The percentage of union jobs dropped as the Big Three shed their parts divisions and contracted with other companies, many unorganized. Among those who are in the UAW, many have substandard contracts with wages ranging from the minimum to more than $20 an hour. Health insurance and other benefits vary widely.
The percentage of auto workers in the UAW is falling, too. The UAW's membership includes a growing number of government, medical, school, casino, and manufacturing workers not in the auto industry. According to the UAW, it organized more than 42,000 workers in 1999, including school cafeteria workers in Puerto Rico, nurses and health-care workers in Michigan and Ohio, and casino workers in Detroit. Last year, the union says, it organized 21,861 workers, among them health-care workers in Sparrow Hospital in Lansing, Michigan.
But over the same period of time, 76,861 workers left the union, with most of the losses coming in the auto industry as auto makers and suppliers cut production workers to run lean and increase profitability. "You can't just call us an auto workers union or an aerospace workers union any longer," Yokich is quoted as saying in the UAW magazine last year.
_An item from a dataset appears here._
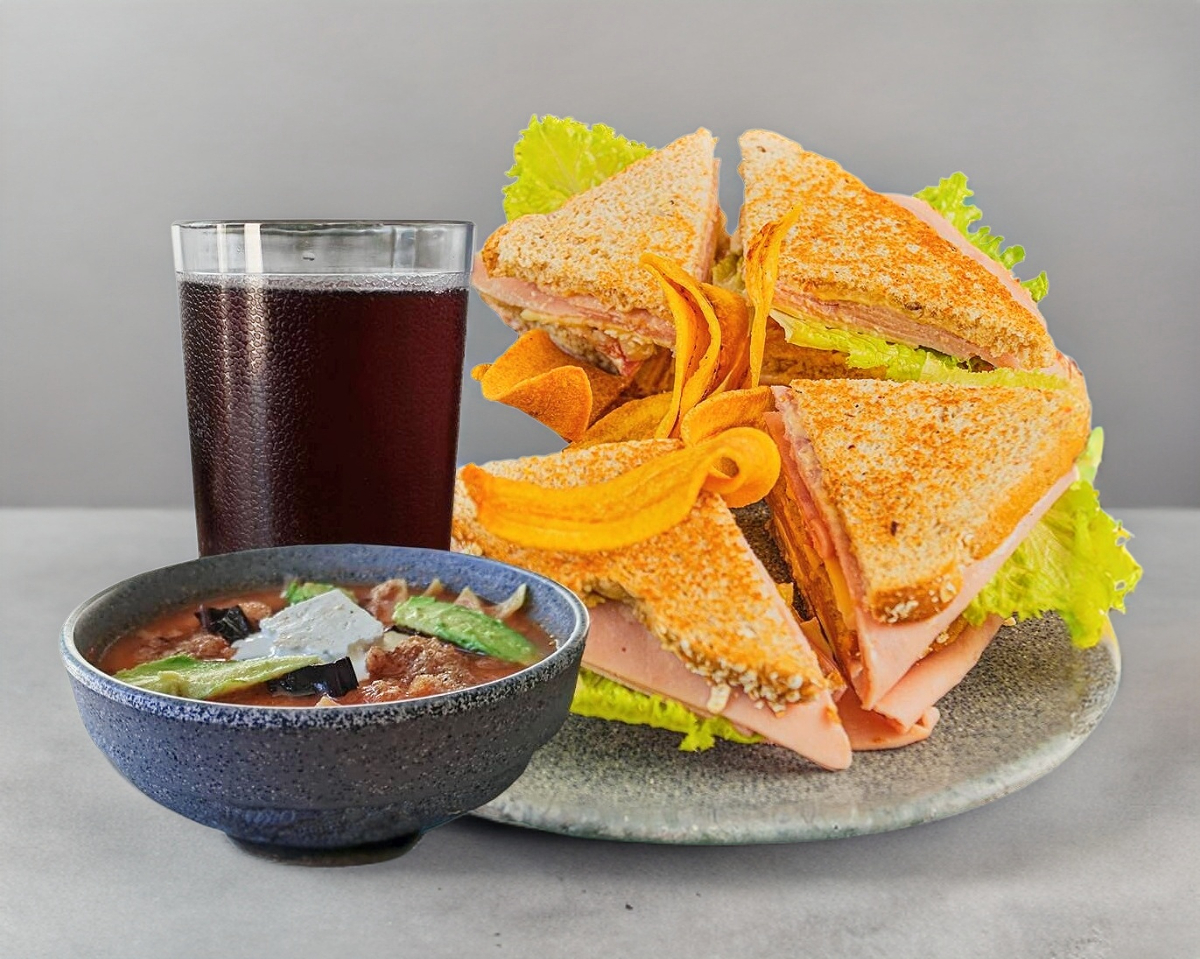 Sándwich de doble piso cortado en cuatro con rollitos de jamón, queso panela, queso manchego, piña, jitomate y lechuga. Aderezado con salsa especial de la casa con un toque picosito.

Bosses blame crisis on September 11
The auto industry blames the recent round of idled plants and layoffs on the consumer response to the September 11 attacks on the World Trade Center and Pentagon. But while auto sales did drop even more in September, the auto industry was already in trouble. Just a year ago, hundreds of thousands of auto workers were laid off for periods ranging from a week to a month. In August, Ford's chief, Jaques Nasser, announced they would cut 4–5,000 white collar workers to put Ford at an advantage in a "fiercely competitive" market. This followed deep cuts in the productive workforce at the end of last year.
In July, Ford increased its incentives by 51 percent from the year before, to increase slumping sales. The company announced that August sales of Ford-brand trucks and cars were expected to be down 10 percent to 15 percent from the previous year. Also in August, Standard and Poors warned that it might cut Ford and GM's debt ratings in October, citing its "heightened concern about the long-range profit potential" of both carmakers.
On September 18, a highly publicized meeting of government, business, and union officials took place at the General Motors Detroit-Hamtramck assembly plant. It was called by U.S. secretary of commerce Don Evans and Secretary of Labor Elaine Chao, and included AFL-CIO president John Sweeney; the president of the steelworkers', ironworkers', and carpenters' unions; Stephen Yokich, president of the UAW; the CEOs of Ford, GM, Chrysler, and major auto parts suppliers; and several Michigan politicians.
The UAW describes the meeting as an attempt "to discuss ways to bolster consumer confidence and prevent the U.S. economy from sliding into a deep recession in the wake of the September 11 attacks."
In a brazen show of patriotic and class collaboration, Yokich announced, "We're here to show that management and labor can stand up to make America strong again. This isn't just about the auto industry," he said. "It's about pulling together, as management and labor, on behalf of all Americans. We're here to see what we can do, labor and management, working together."
The same day the defeat at Nissan in Smyrna was announced, the UAW declared it was going to try to organize 9,000 workers at Honda's four Ohio plants, located in Marysville, East Liberty, and Anna. The union failed in the 1980s in organizing drives there, and the Teamsters failed in 1999. The UAW opened an office in Marysville, with 25 full-time staff people.
Ilona Gersh is a member of United Auto Workers Local 157 at Textron Automotive in Westland, Michigan.